ATP ... when clean to sight and touch is not enough.
Every surface touch in a professional kitchen, restroom and service area is different and carries an unknown risk factor for contaminating the hands, bare or gloved. These hands in turn can contaminate the food or another person directly. Grouping these touches, with the HACCP principle in mind, is a good first step - prioritizing those touches that must trigger a handwash and a specific hand hygiene regimen.
Surface cleanliness in food processing establishments has an operational definition. Cleaning procedures and frequencies are established to consistently yield safe level standards. These surfaces are monitored and included in food safety audits.
Foodservice is a smaller scale food processing operation. The operational needs are very different as people, hands and small batches are the order of the day rather than machines controlling long production runs. Adding to the control issue for foodservice are language skills, culture and the fact that the public are invited into the service space, shared with the workforce like on cruise ship.

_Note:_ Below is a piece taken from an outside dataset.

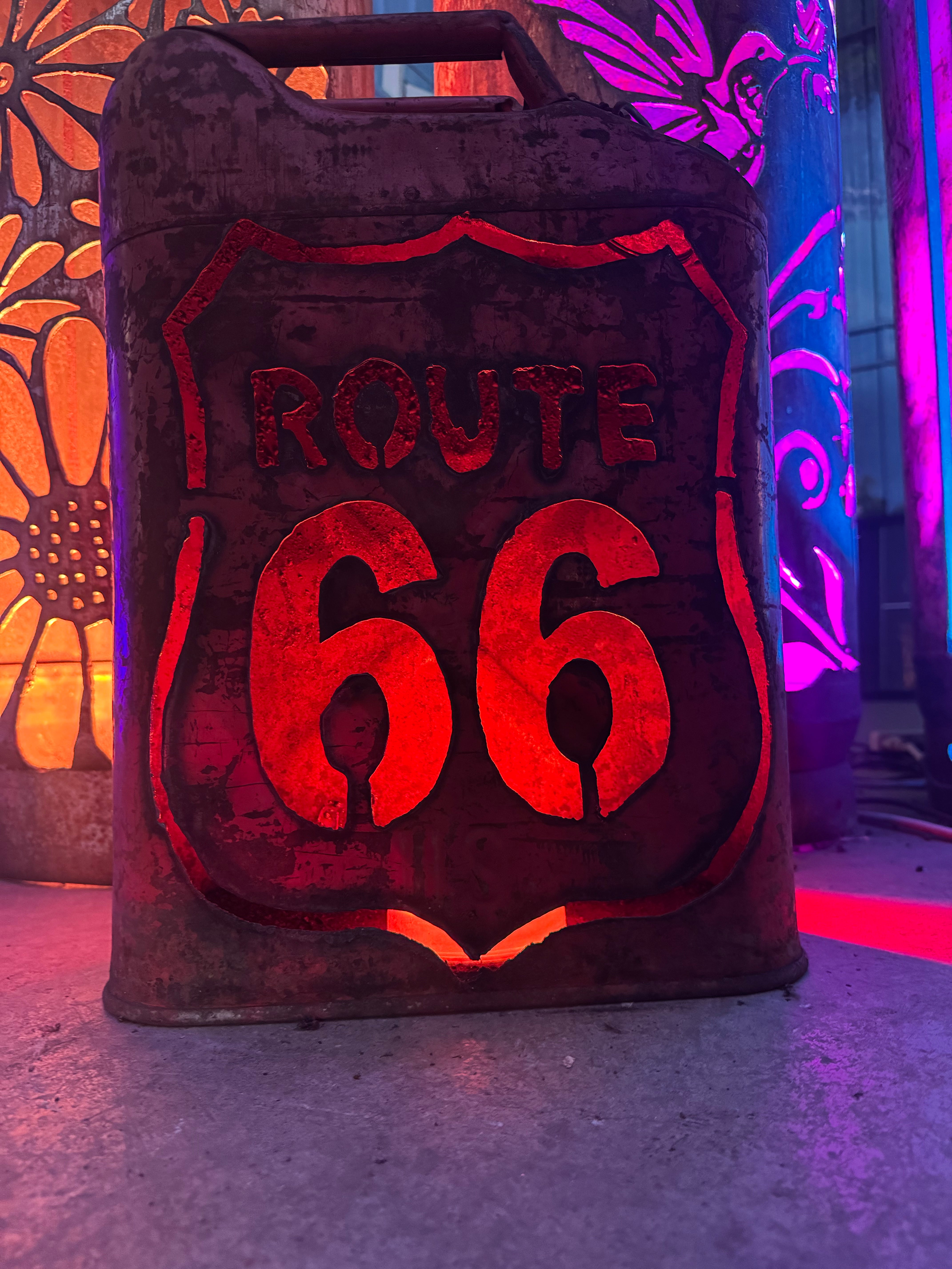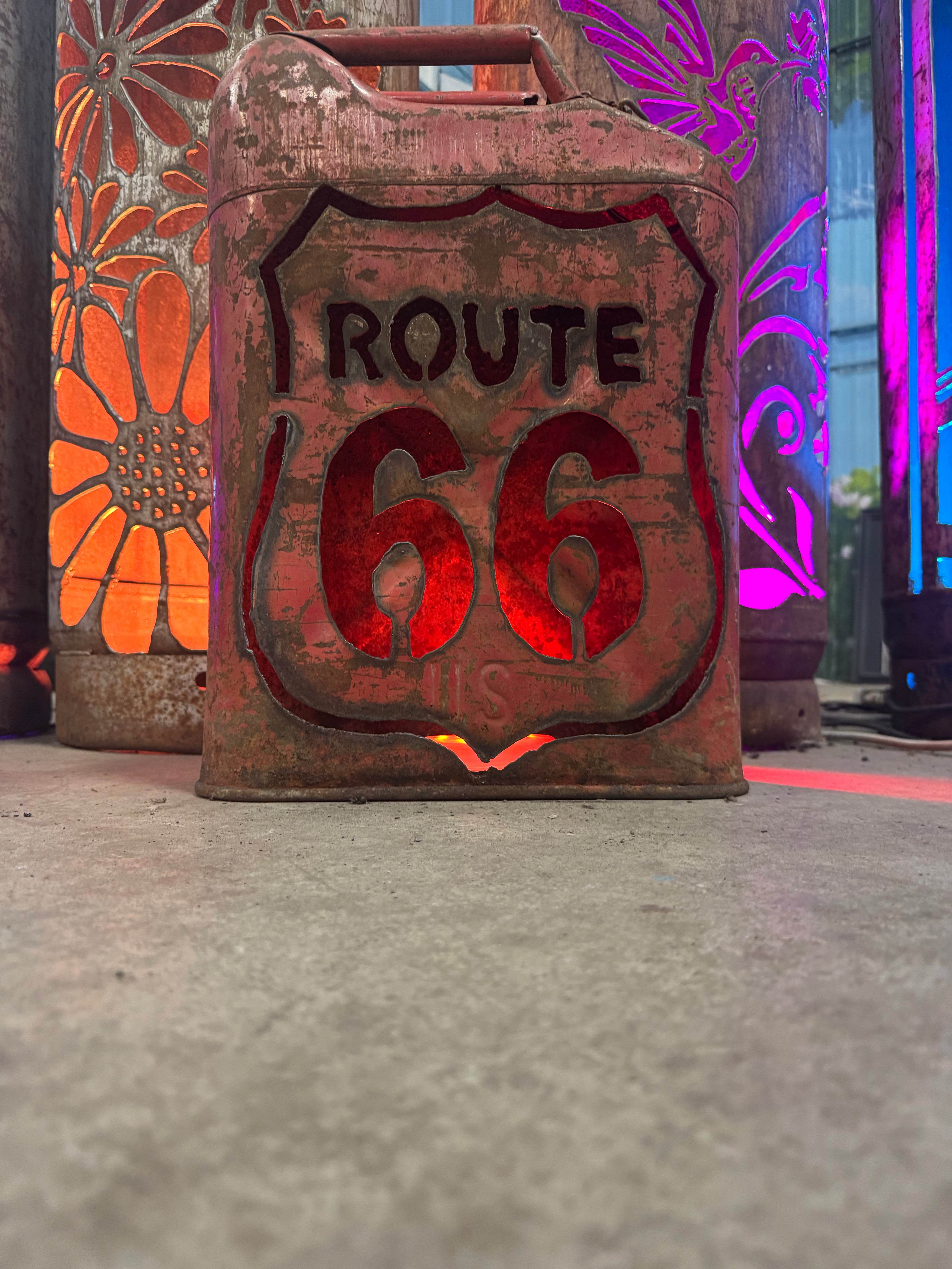 L30lb Upcycled Patio Lantern, Route 66 Gas Can *light incuded*

The conventional wisdom to monitor food processing surfaces more closely relates to batch size and the scale of a potential outbreak.

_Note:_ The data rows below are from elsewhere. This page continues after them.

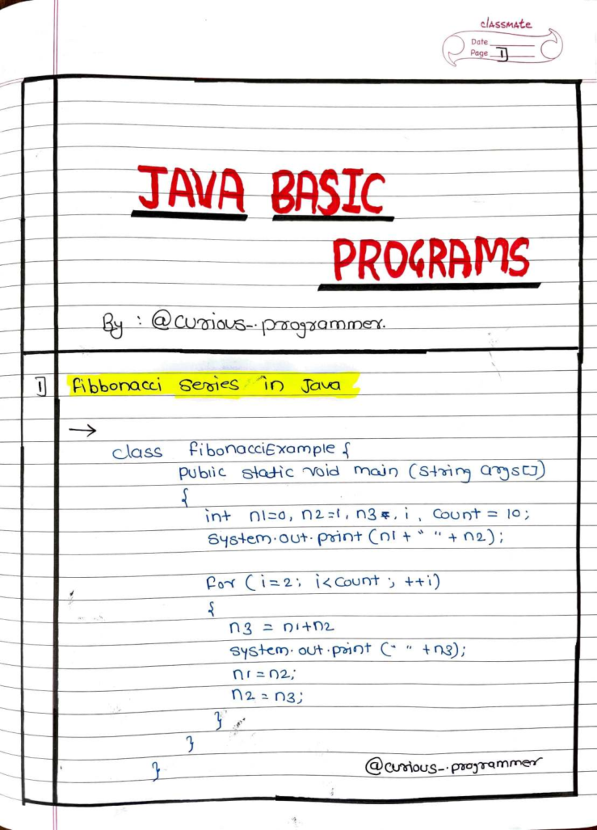 Java basic programs #java #notes #btech #bca #coding #programming # ...
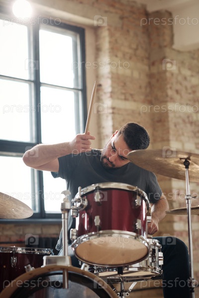 Барабанщик играет на барабанах, сидящий у ударного набора
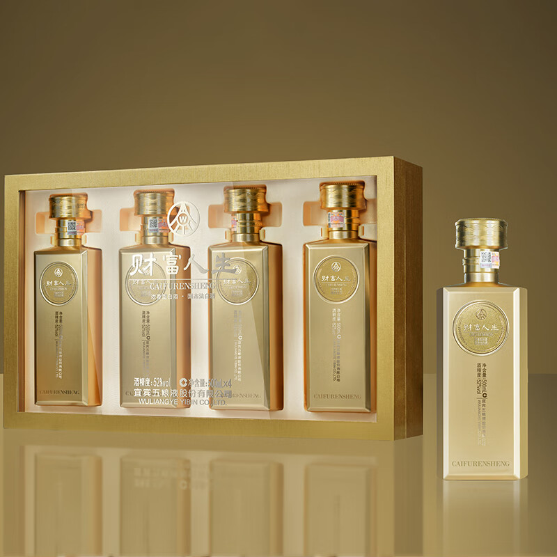 五粮液(WULIANGYE)财富人生 艺术金砖 52度 浓香型白酒 艺术摆件 500mL*4瓶 礼盒
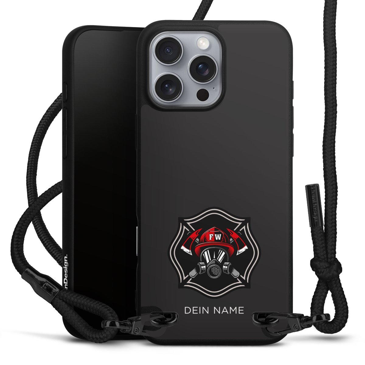 Pure Black: Handyhülle, Stoffband und Metalldetails in stylischem Mattschwarz.
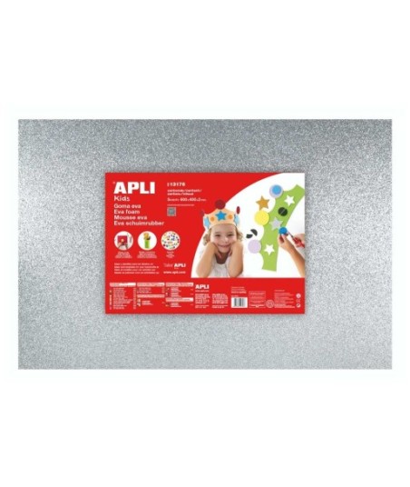 A goma EVA é um material ideal para artesanato tanto para uso doméstico quanto para uso escolar.¶É macio, flexível, fácil de cortar, colar e pintar.¶Também é à prova d'água e moldável por calor.¶Material básico para fazer fofuchas, máscaras, coroas, fantasias e todo tipo de artesanato.¶¶Goma EVA prateadas com acabamento glitter¶Tamanho 600 x 400 mm¶Espessura: 2mm¶Pacote contém 5 folhas da mesma cor

Looking at the number of people affected and the costs associated with just Hep A and Norovirus outbreaks, should some foodservice surfaces be monitored more closely? Should operators perhaps use ATP technology to both assign numbers to the acceptable cleanliness levels and train the cleaning staff by demonstrating and documenting what clean is - beyond sight and touch. The immediate feedback of an ATP luminometer is a powerful, language-free, training tool.